The Day I Swapped My Dad for Two Goldfish
- Author: Neil Gaiman
- Illustrator: Dave McKean
- Language: English
- Genre: Children's
- Publisher: White Wolf Publishing, Harper Children's
- Publication date: 1997
- Publication place: United States
- Media type: Hardcover
- Pages: 40
- ISBN: 1-56504-199-2

= The Day I Swapped My Dad for Two Goldfish =

Book by Neil Gaiman

The Day I Swapped My Dad for Two Goldfish is a book by Neil Gaiman and Dave McKean, first published in 1997 by White Wolf Publishing. It was republished in 2004 by Harper Children's with a new cover and afterword. The story is a retelling of the old tale of an object that gets swapped from person to person, until the original owner needs it back—and then has to swap possessions back again, step by step, to retrieve it.

It is also available in Hebrew, Spanish, French, Italian, Croatian, and Portuguese.

McKean adapted the cover artwork from The Day I Swapped My Dad for the 1999 Counting Crows album This Desert Life.

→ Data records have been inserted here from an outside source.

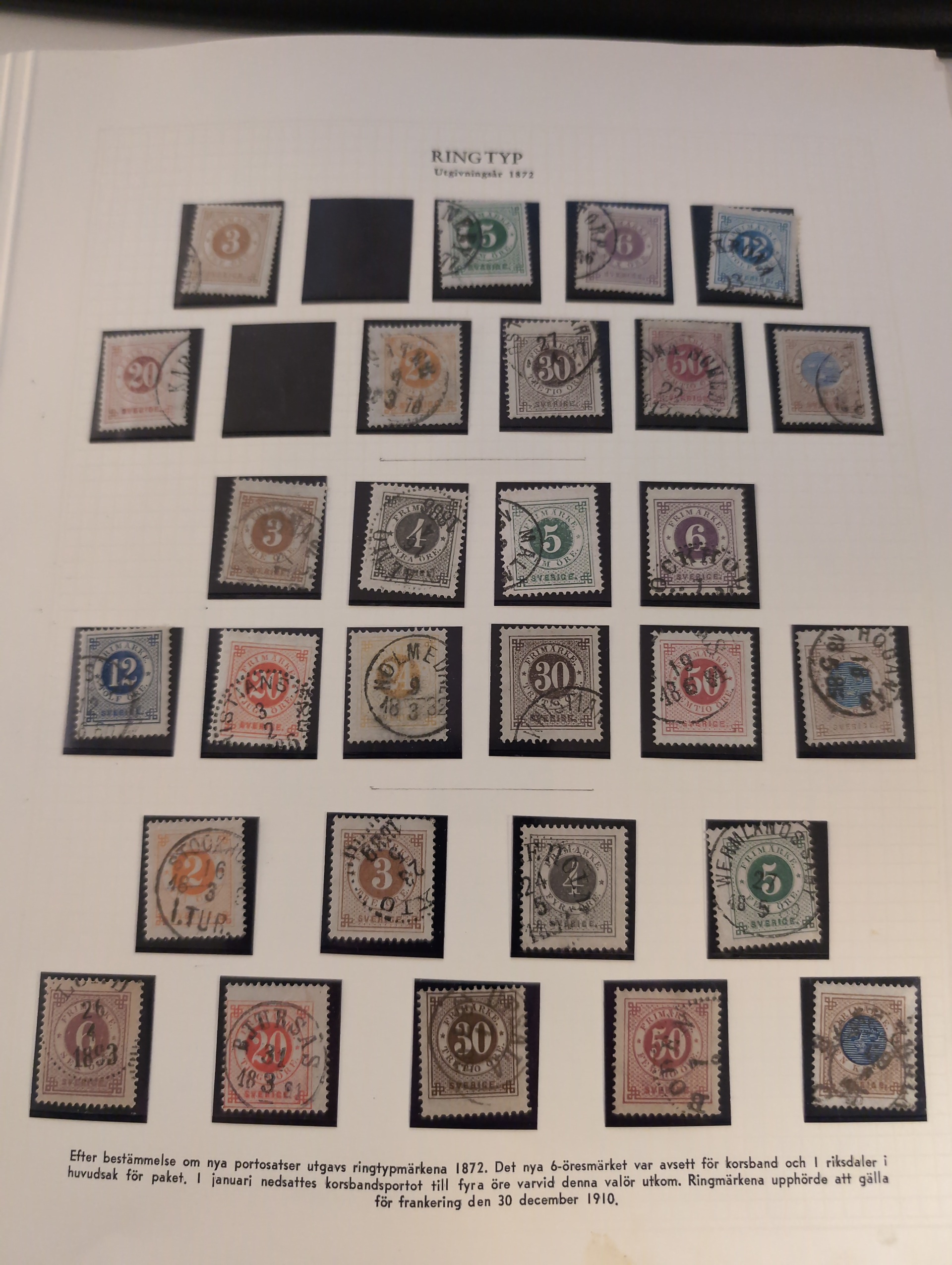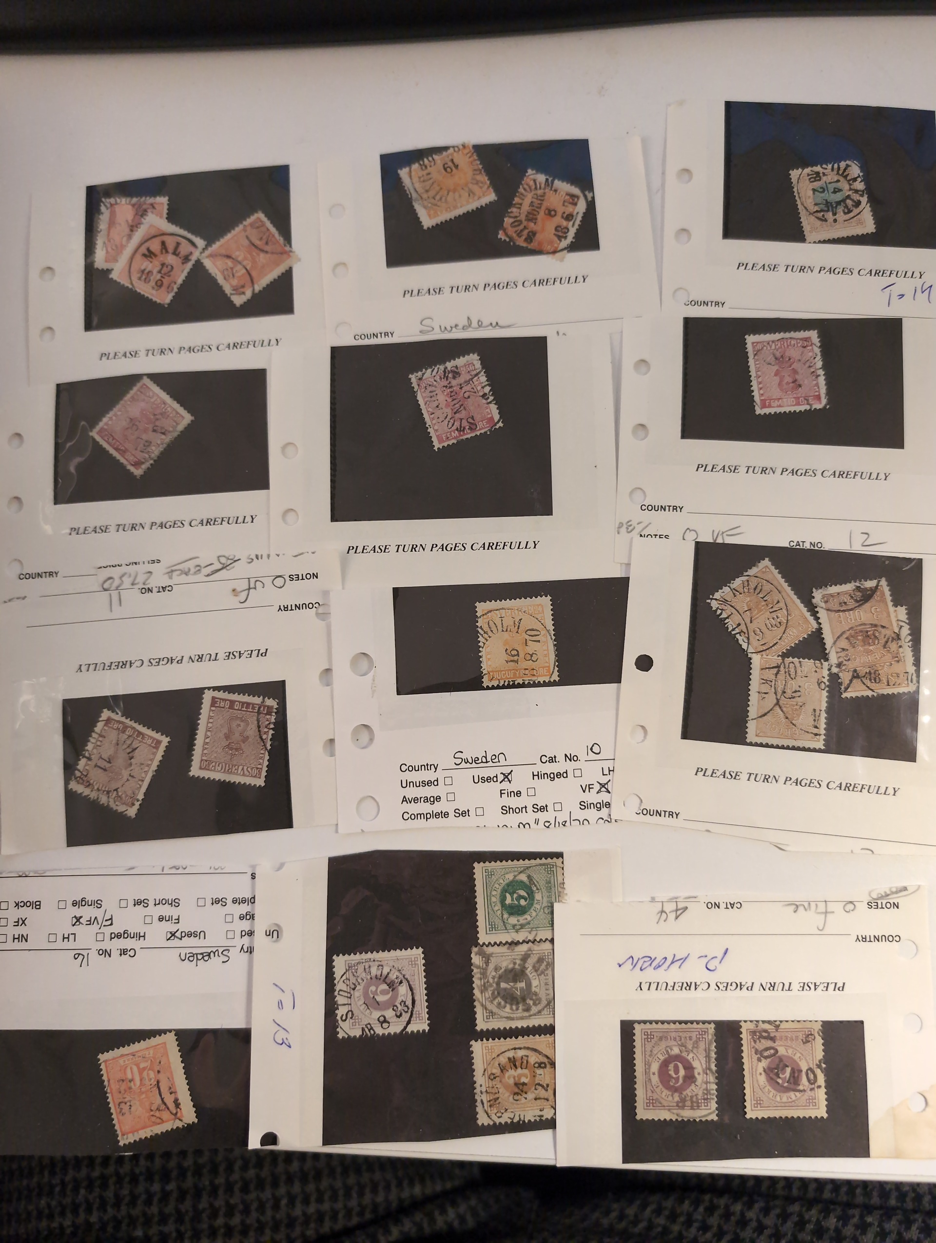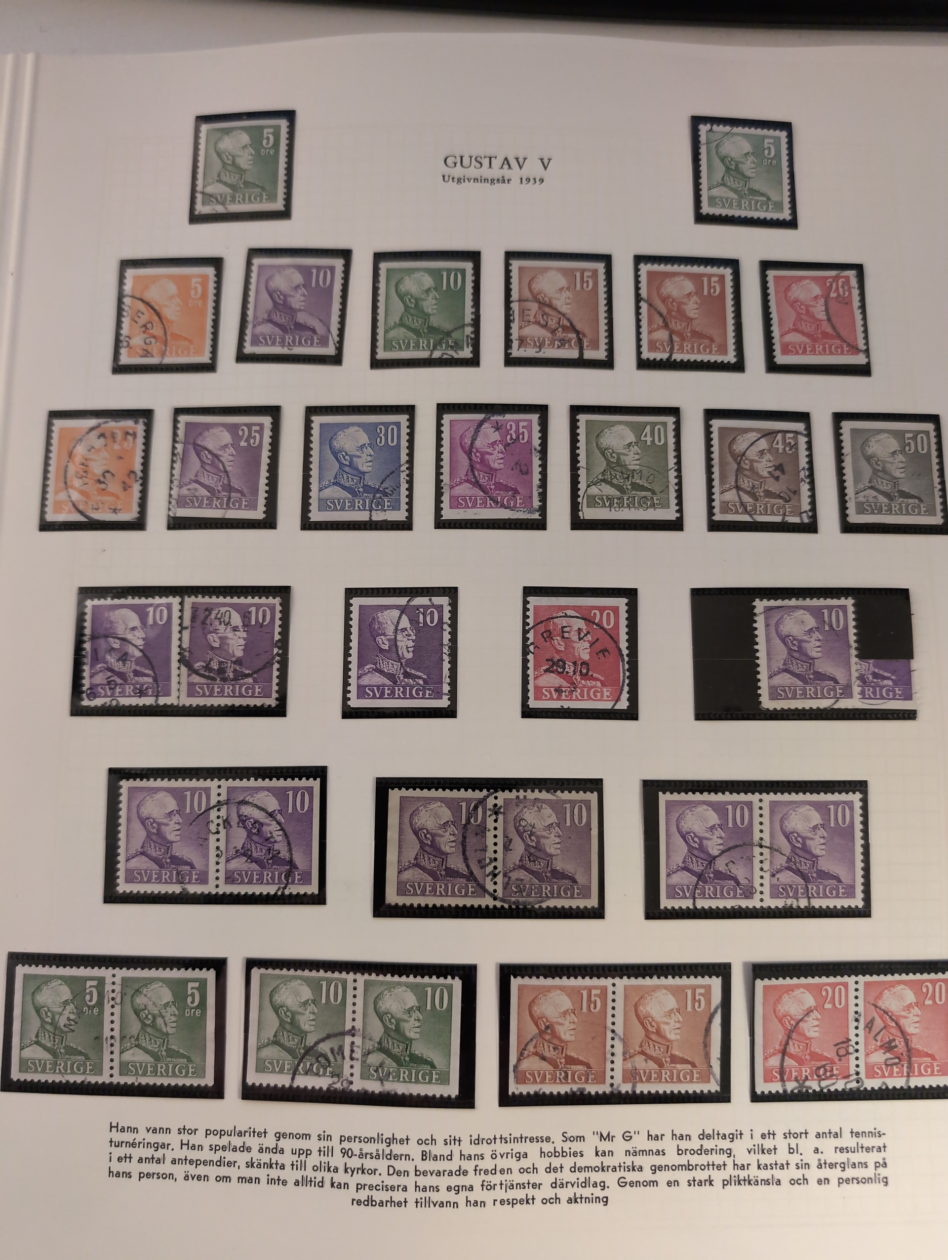 Sweden. Collection used 1855–1963 in album. Well filled collection without more expensive stamps. Starts with two 4 sk, good Coat-of-arms and circle type. UPU to 1 kr and Congress to 2 kr, and a few BC/CB pairs. Also a folder with early duplicates. Mostly good quality. (700+)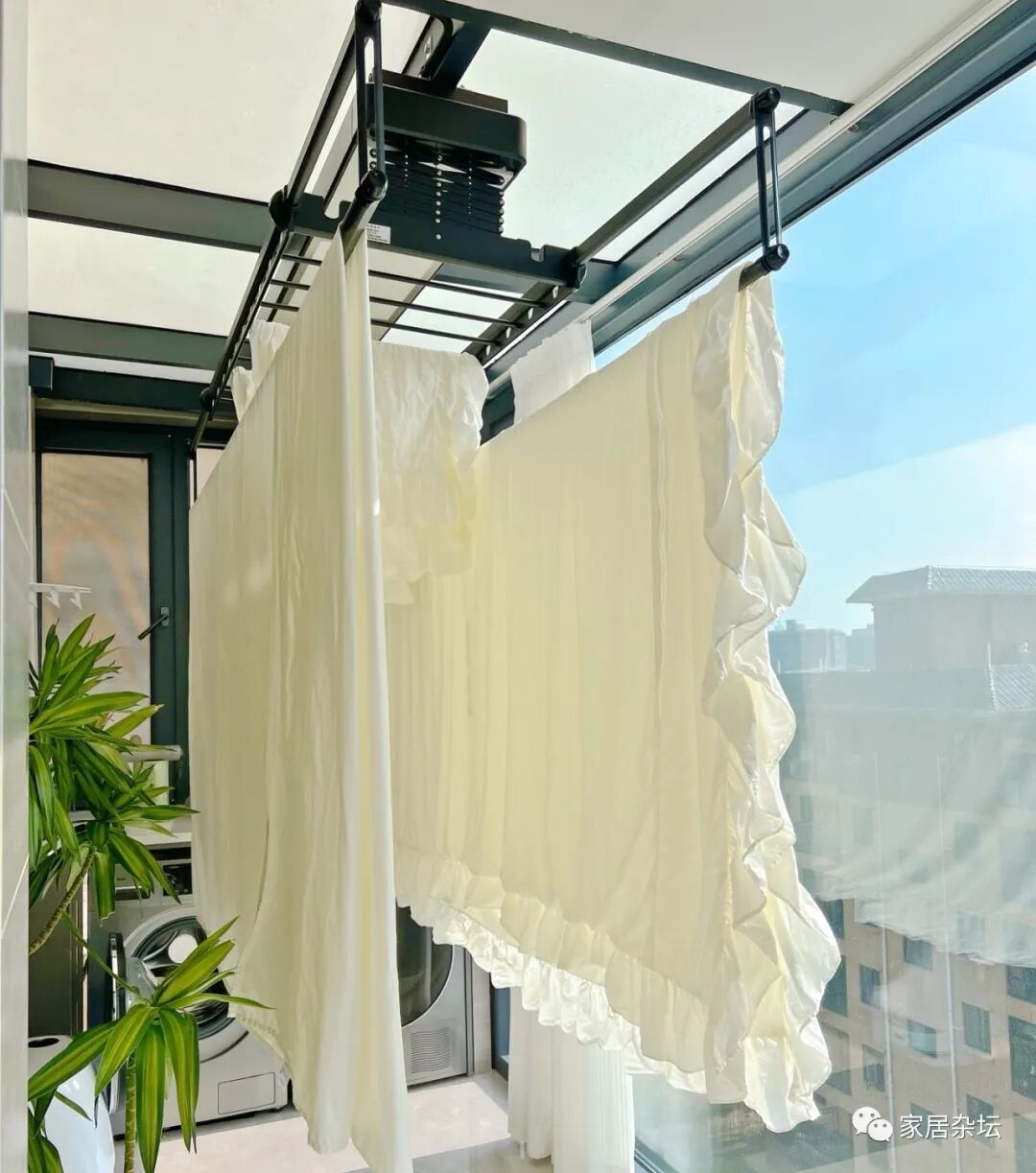①、对于晾衣架,个人建议大家选择带有电动升降功能的晾衣架。按遥控器,可上可下就可以了。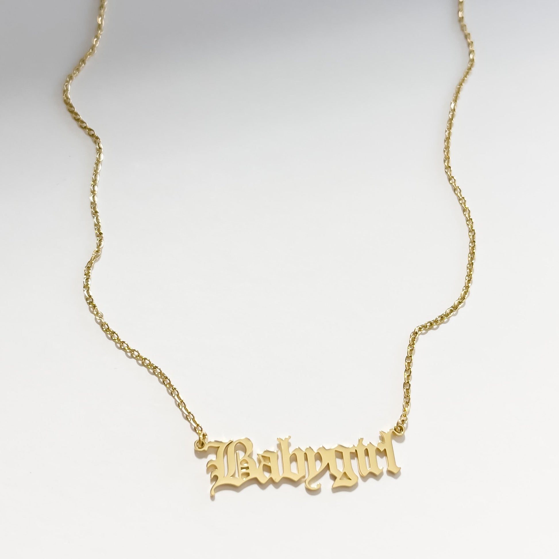For the lovers of the old english style font. Our babygirl name necklace has been crafted from high quality stainless steel for a water and tarnish resistant finish so you can wear this necklace everyday. Choose from an 18k gold coating or stainless steel.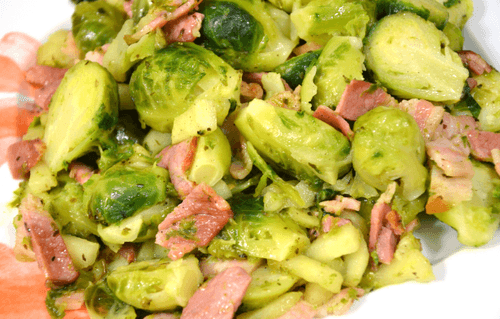 Brussels sprouts with bacon and apples is a refined dish of European cuisine that combines the tenderness of vegetables, crispy bacon, and a light tartness of apples. Popular in Belgian gastronomy, Brussels sprouts become tender when boiled and then absorb the aroma of bacon and fresh thyme. The addition of apples gives the dish an interesting sweet-sour note, making it particularly balanced in flavor. It is an ideal side dish for meat dishes or a standalone warm meal that warms you on cool days. This culinary union of flavors demonstrates the European love for harmonious combinations and fresh seasonal ingredients. Serve hot, enjoying the richness of textures and deep flavors!

The book was adapted by Oliver Emmanuel and Lu Kemp for a touring interactive promenade production for the National Theatre of Scotland in 2013.

==Reception==
The book was well received, with positive reviews. It won awards for the Newsweek Best Children's Book (2003) and the British Science Fiction Association award for Short Fiction (1997).